### WORK INSTRUCTION:
From the line containing "광주교통공사 이혜경이 지난" to the line containing "考試時間安排與普高美術類相同" in the entries below, reproduce every line exactly, ends included. Nothing else belongs in the copy, and no pictures.

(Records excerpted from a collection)

::::

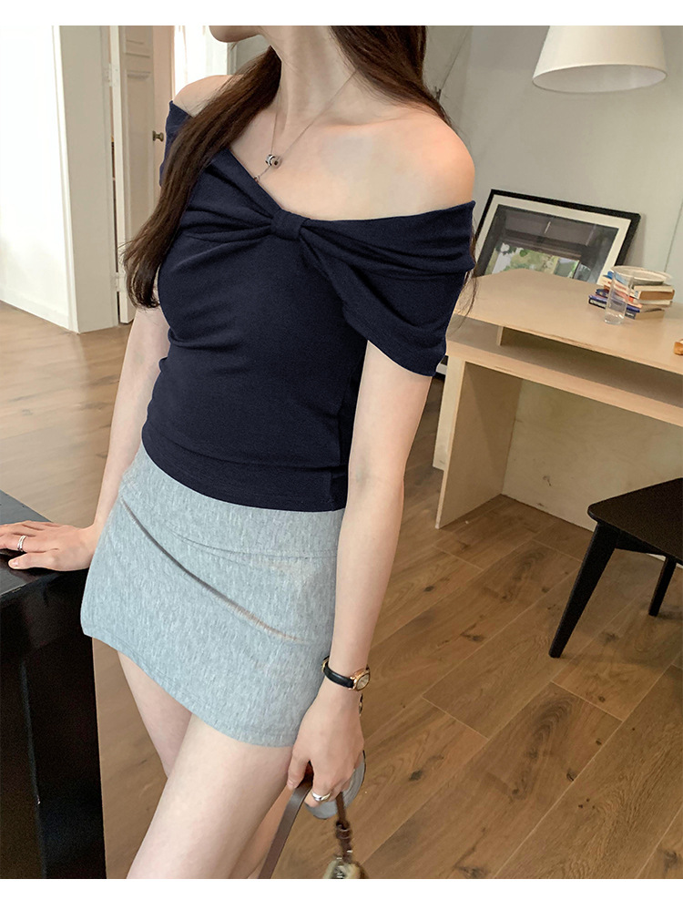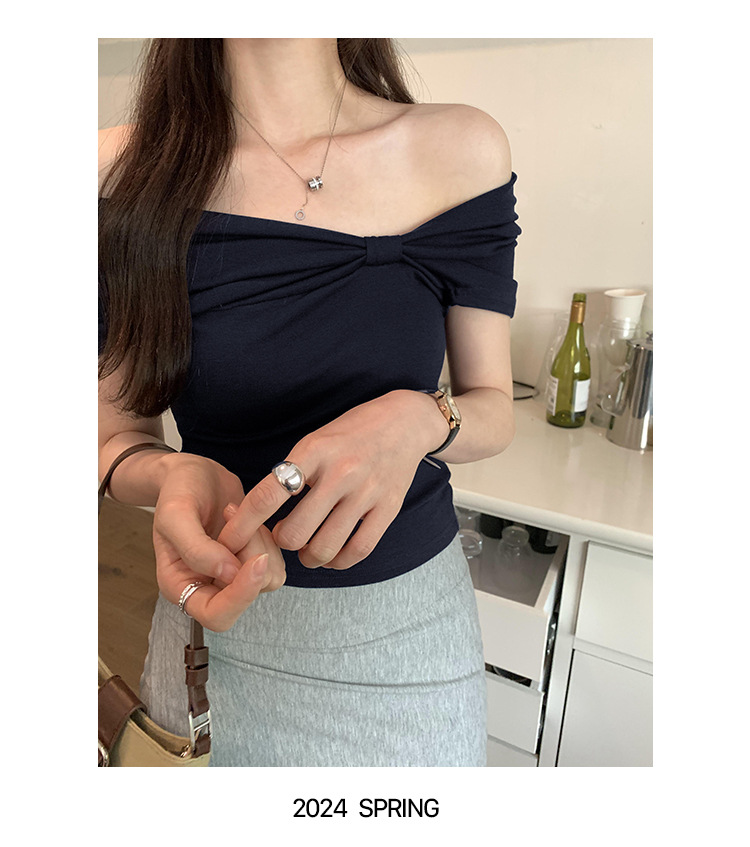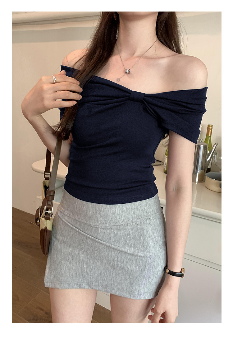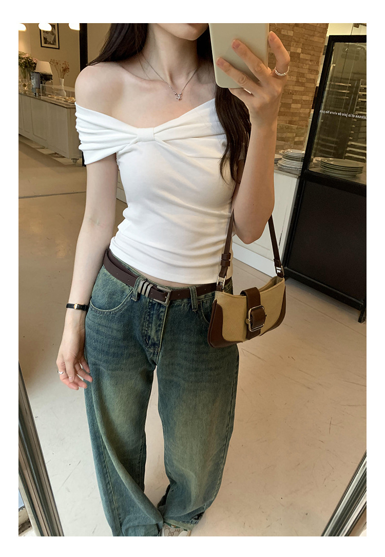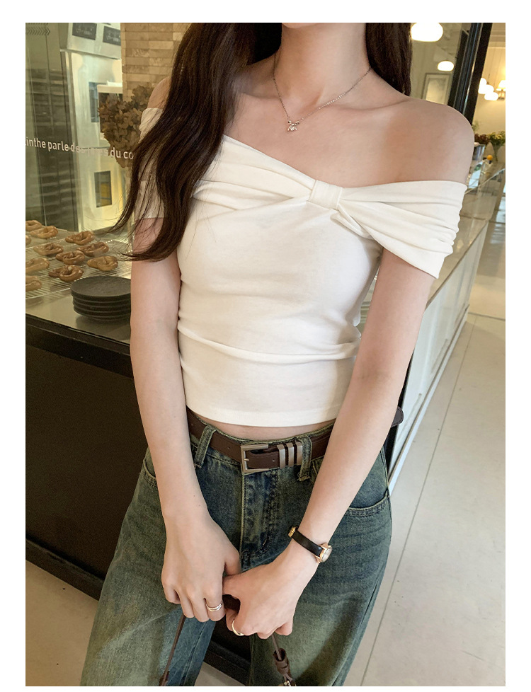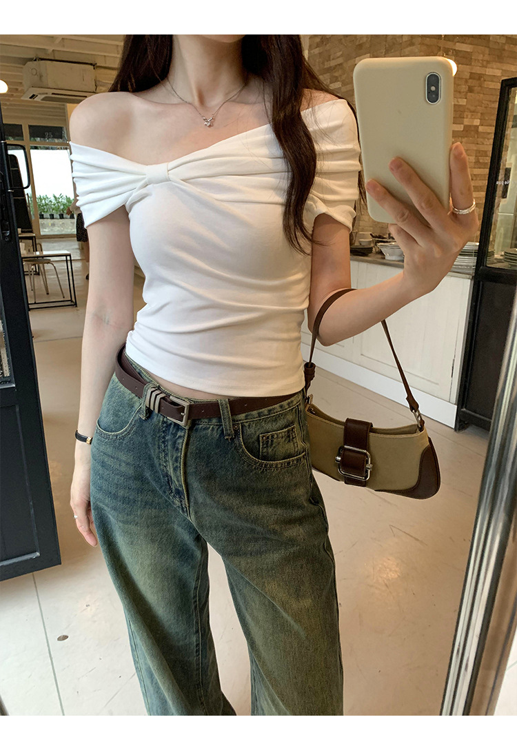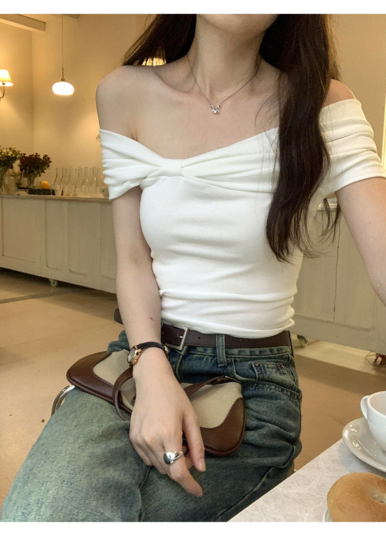 设计感褶皱一字肩短袖T恤女2025夏季露肩蝴蝶结甜辣短款学生上衣
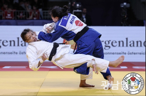 광주교통공사 이혜경이 지난 9일(한국시간) 오스트리아 린츠에서 열린 2024 오스트리아 그랑프리 유도대회 -48㎏급 동메달결정전에서 바르가스 레이 메리 디(칠레)를 상대로 안다리 후리기 절반을 따내고 있다.
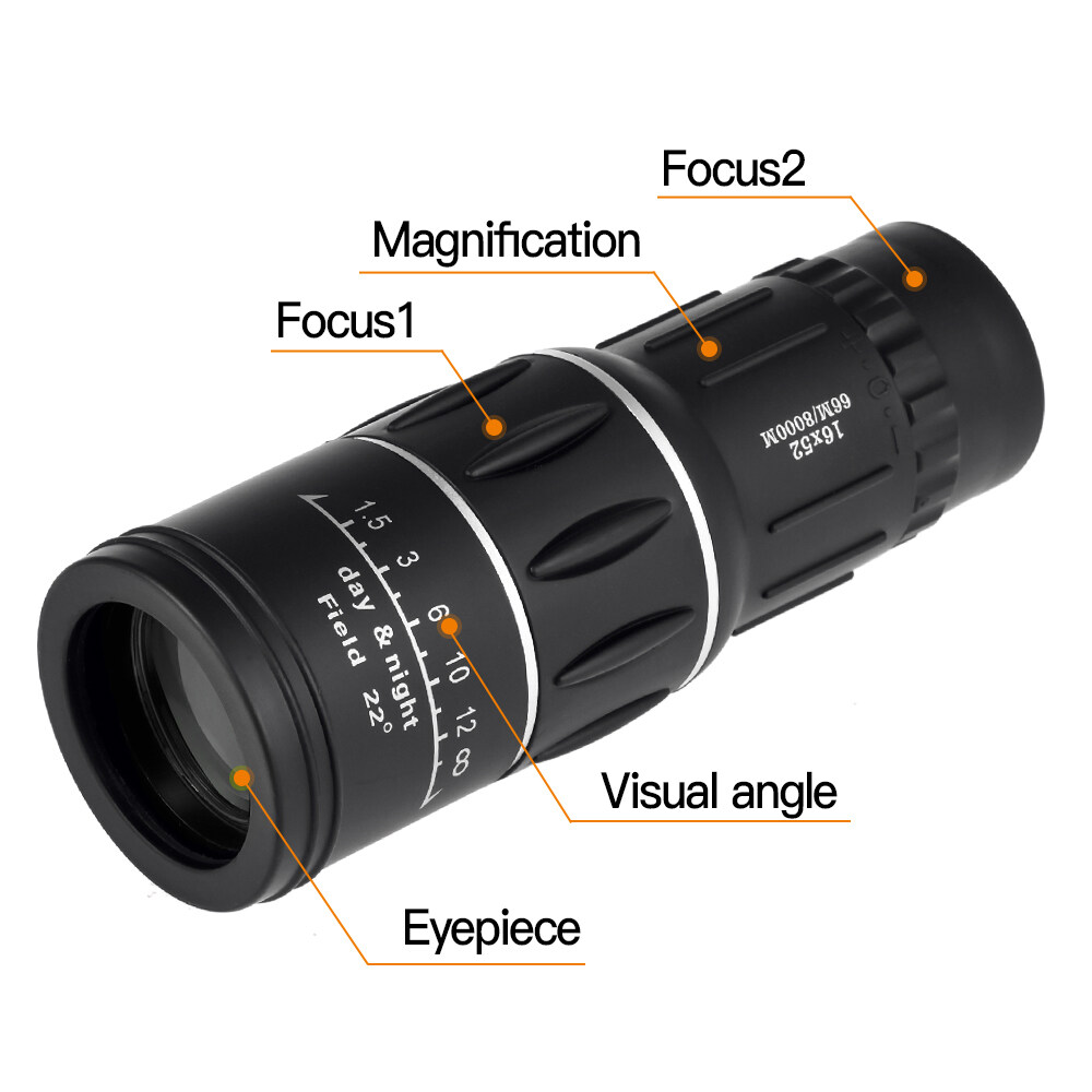 - This monocular offers a 16x magnification and a 52mm objective diameter.
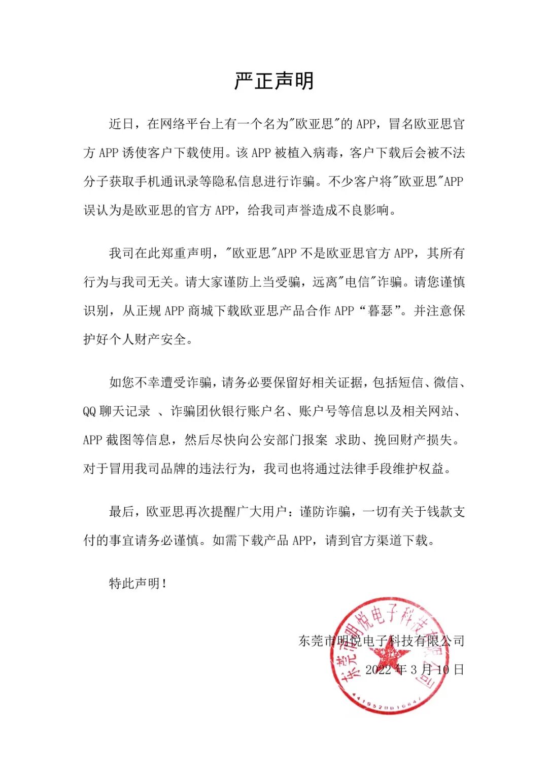 欧亚思提醒广大用户:谨防诈骗,一切有关于钱款支付的事宜请务必谨慎。如需下载产 品APP,请到官方渠道下载。
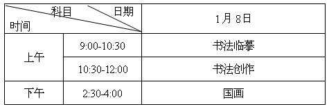考試時間安排與普高美術類相同。2017年1月2日考生憑《專業(yè)考試證》、第二代居民身份證到湖南師范大學工程與設計學院報到繳費,參加專業(yè)考試。
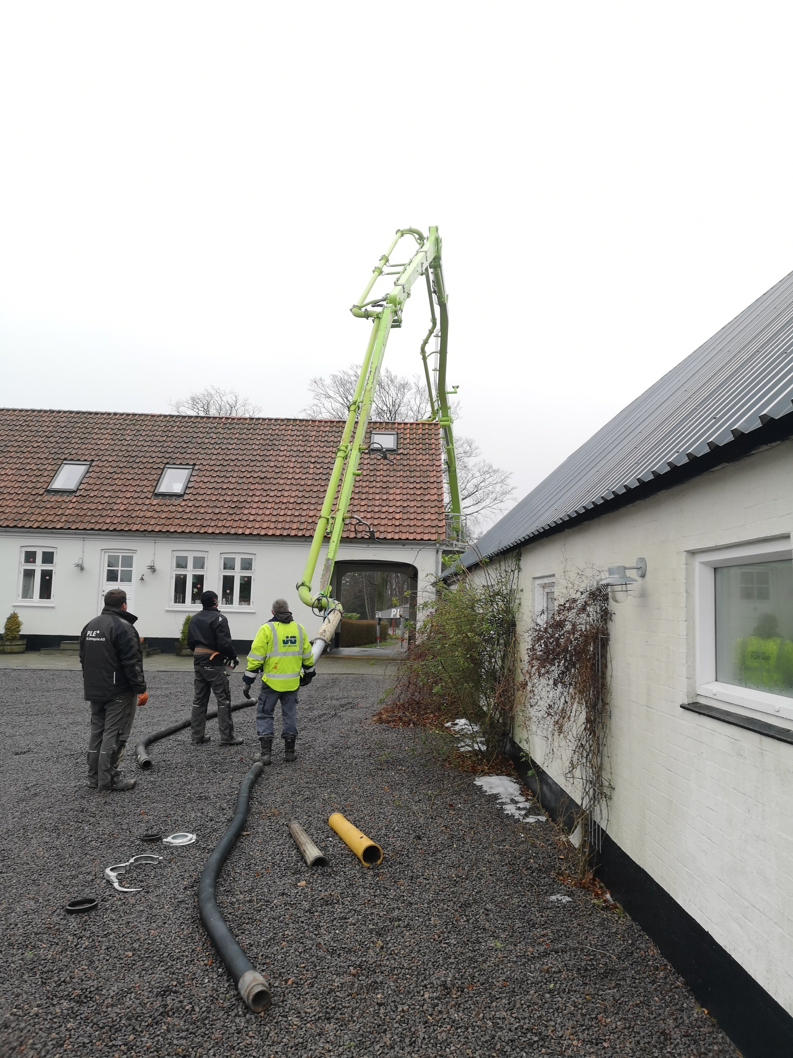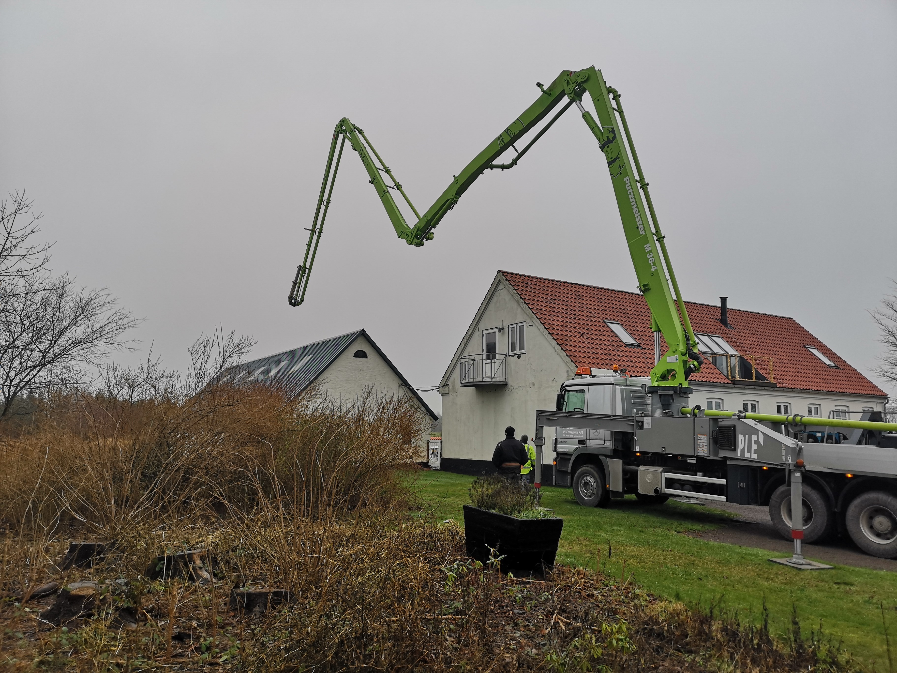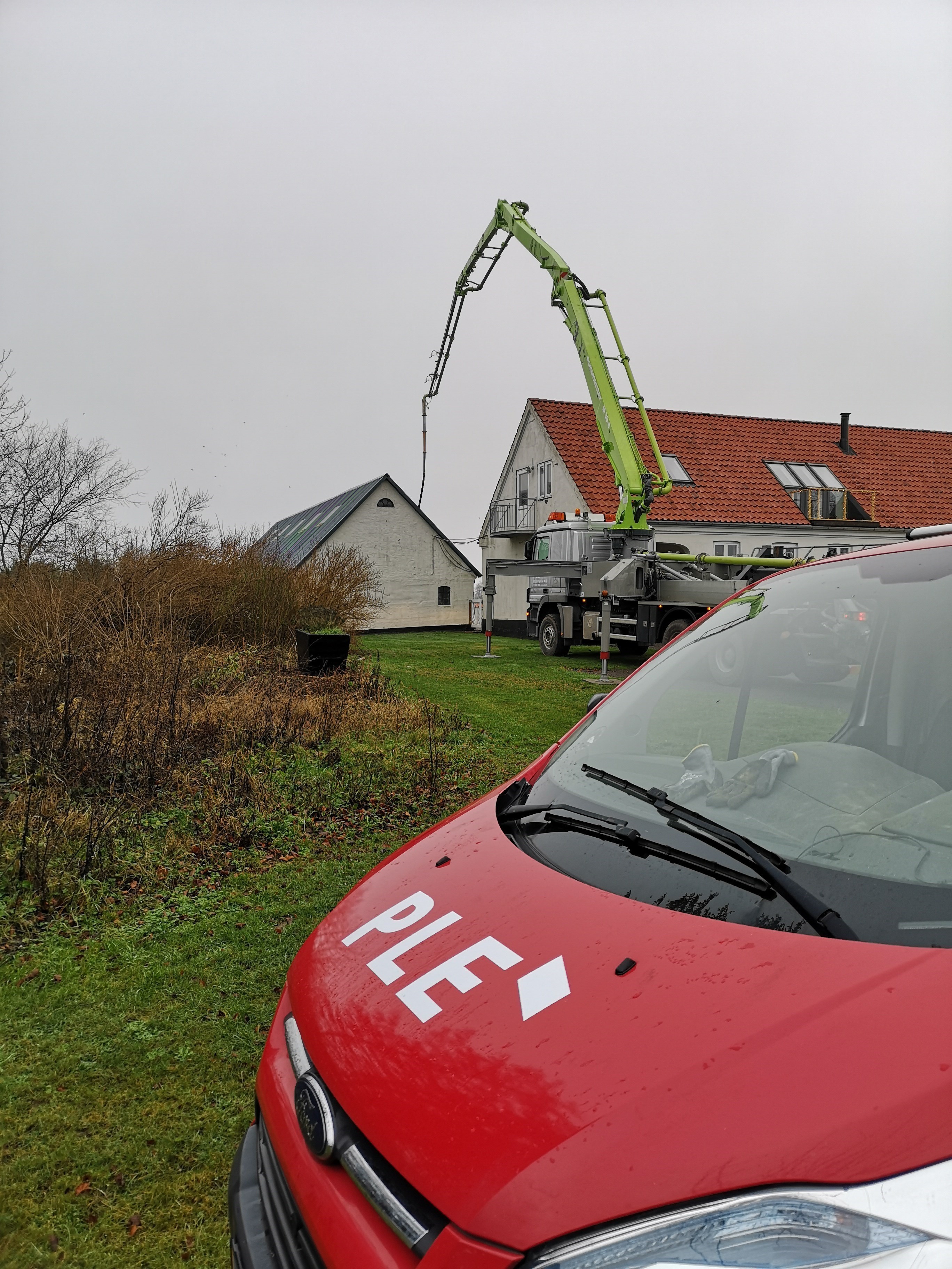 PLE har investeret i en nyere betonpumpe som kan række 36 mtr. og som allerede har været ude på tre opgaver, så nu er vi klar til at betjene alle vore kunder der skal have pumpet beton.

::::

### FINAL ANSWER:
 광주교통공사 이혜경이 지난 9일(한국시간) 오스트리아 린츠에서 열린 2024 오스트리아 그랑프리 유도대회 -48㎏급 동메달결정전에서 바르가스 레이 메리 디(칠레)를 상대로 안다리 후리기 절반을 따내고 있다.
 - This monocular offers a 16x magnification and a 52mm objective diameter.
 欧亚思提醒广大用户:谨防诈骗,一切有关于钱款支付的事宜请务必谨慎。如需下载产 品APP,请到官方渠道下载。
考試時間安排與普高美術類相同。2017年1月2日考生憑《專業(yè)考試證》、第二代居民身份證到湖南師范大學工程與設計學院報到繳費,參加專業(yè)考試。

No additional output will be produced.